A utopia da revolução cubana

O autor cresceu em uma família de esquerda que admirava a revolução cubana, mas em uma visita à ilha em 1981, ele descobriu que não havia nem igualdade, nem um povo feliz

A utopia da revolução cubana
Havana, Cuba (Crédito: Joe Raedle/Getty Images)

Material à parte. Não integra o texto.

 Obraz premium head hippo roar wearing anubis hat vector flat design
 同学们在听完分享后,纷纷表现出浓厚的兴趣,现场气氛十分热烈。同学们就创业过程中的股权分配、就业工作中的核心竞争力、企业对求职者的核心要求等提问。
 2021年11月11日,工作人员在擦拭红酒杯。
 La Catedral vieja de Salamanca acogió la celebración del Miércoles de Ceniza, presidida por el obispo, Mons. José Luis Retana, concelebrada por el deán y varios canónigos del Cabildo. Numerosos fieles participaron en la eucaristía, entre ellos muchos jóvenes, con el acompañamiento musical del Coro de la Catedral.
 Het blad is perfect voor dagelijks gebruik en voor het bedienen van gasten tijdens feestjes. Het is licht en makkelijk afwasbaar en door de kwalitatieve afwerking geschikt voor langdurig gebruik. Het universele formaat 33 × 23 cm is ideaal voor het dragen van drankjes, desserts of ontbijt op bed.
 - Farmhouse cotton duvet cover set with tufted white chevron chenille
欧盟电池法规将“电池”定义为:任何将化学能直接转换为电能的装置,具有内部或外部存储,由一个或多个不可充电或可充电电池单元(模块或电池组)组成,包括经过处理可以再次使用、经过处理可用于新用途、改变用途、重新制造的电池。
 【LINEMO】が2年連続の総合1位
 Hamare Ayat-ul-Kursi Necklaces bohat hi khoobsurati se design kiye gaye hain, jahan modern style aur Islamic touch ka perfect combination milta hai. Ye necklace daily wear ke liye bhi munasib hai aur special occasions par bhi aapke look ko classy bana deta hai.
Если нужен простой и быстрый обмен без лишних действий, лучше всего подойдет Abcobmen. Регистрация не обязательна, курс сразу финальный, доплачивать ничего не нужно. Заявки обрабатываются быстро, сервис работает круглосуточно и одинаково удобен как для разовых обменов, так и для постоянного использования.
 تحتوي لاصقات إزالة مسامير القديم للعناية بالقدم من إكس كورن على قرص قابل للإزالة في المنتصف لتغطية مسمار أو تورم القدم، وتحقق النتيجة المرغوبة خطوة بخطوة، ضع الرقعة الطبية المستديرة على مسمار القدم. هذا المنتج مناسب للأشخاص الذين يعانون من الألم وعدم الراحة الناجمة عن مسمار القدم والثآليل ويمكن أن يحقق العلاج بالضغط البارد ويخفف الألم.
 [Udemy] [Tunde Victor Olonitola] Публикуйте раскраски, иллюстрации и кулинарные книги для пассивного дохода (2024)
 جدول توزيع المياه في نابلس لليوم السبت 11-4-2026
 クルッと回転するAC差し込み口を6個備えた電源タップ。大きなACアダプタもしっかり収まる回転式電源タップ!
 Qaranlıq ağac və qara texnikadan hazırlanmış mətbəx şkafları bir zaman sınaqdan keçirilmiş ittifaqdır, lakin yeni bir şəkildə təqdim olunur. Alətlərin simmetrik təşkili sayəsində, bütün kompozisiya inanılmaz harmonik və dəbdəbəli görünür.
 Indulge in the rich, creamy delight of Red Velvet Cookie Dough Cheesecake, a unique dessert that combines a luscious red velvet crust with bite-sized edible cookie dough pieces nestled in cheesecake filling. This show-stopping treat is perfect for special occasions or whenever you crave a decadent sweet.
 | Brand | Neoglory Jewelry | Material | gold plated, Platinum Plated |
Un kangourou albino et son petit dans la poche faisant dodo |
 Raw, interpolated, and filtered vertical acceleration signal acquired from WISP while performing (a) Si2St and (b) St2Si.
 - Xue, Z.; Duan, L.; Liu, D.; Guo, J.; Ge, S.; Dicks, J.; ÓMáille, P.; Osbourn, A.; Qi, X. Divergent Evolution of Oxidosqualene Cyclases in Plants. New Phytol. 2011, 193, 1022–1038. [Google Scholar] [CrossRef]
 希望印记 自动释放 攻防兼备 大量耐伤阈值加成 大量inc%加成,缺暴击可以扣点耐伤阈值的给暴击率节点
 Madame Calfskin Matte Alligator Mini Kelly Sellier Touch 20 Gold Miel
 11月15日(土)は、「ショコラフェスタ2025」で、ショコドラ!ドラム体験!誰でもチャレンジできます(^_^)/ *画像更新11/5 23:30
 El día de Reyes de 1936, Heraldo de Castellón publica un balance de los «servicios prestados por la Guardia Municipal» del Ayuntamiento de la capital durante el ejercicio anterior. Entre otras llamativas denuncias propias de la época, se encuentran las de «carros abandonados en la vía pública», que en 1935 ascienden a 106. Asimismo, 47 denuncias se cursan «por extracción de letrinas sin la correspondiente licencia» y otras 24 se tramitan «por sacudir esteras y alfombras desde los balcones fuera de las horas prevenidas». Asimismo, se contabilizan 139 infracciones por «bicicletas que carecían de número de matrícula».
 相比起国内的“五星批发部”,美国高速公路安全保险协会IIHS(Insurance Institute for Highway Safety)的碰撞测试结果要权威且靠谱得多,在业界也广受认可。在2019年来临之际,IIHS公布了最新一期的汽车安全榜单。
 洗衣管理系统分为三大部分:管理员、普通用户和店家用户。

No final de julho completaram-se 68 anos (uma vida) desde que um grupo de jovens militantes tentou tomar a sede do Regimento 1 “Antonio Maceo” em Santiago de Cuba, mais conhecido como o Quartel Moncada. Foi uma tentativa direta de derrubar a ditadura de Fulgencio Batista, sanguinário e corrupto déspota cubano, em linha com o grande número de autoritarismos patrimonialistas que se distribuíam por toda a América Latina.

Publicidade

O grupo era formado por jovens dirigentes de um dos históricos partidos políticos cubanos, o Partido Ortodoxo. Este grupo foi, junto com o Partido Autêntico, um dos dois partidos democráticos em Cuba na primeira metade do século passado. Não é fácil defini-lo, mas poderia ser classificado como liberal-desenvolvimentista. Em 1952, o ano anterior ao assalto ao quartel, o presidente de Cuba era Carlos Prío Socarrás, do Partido Autêntico, e nas eleições que deveriam ser realizadas em junho, poderia ter se concretizado qualquer um dos dois cenários possíveis: outra vitória dos Autênticos ou a alternância, abrindo a porta para os Ortodoxos. No entanto, nada disso aconteceu. Um golpe militar liderado por Batista tomou o poder em março, anulou as eleições e deu início a um regime autoritário e altamente repressivo na ilha.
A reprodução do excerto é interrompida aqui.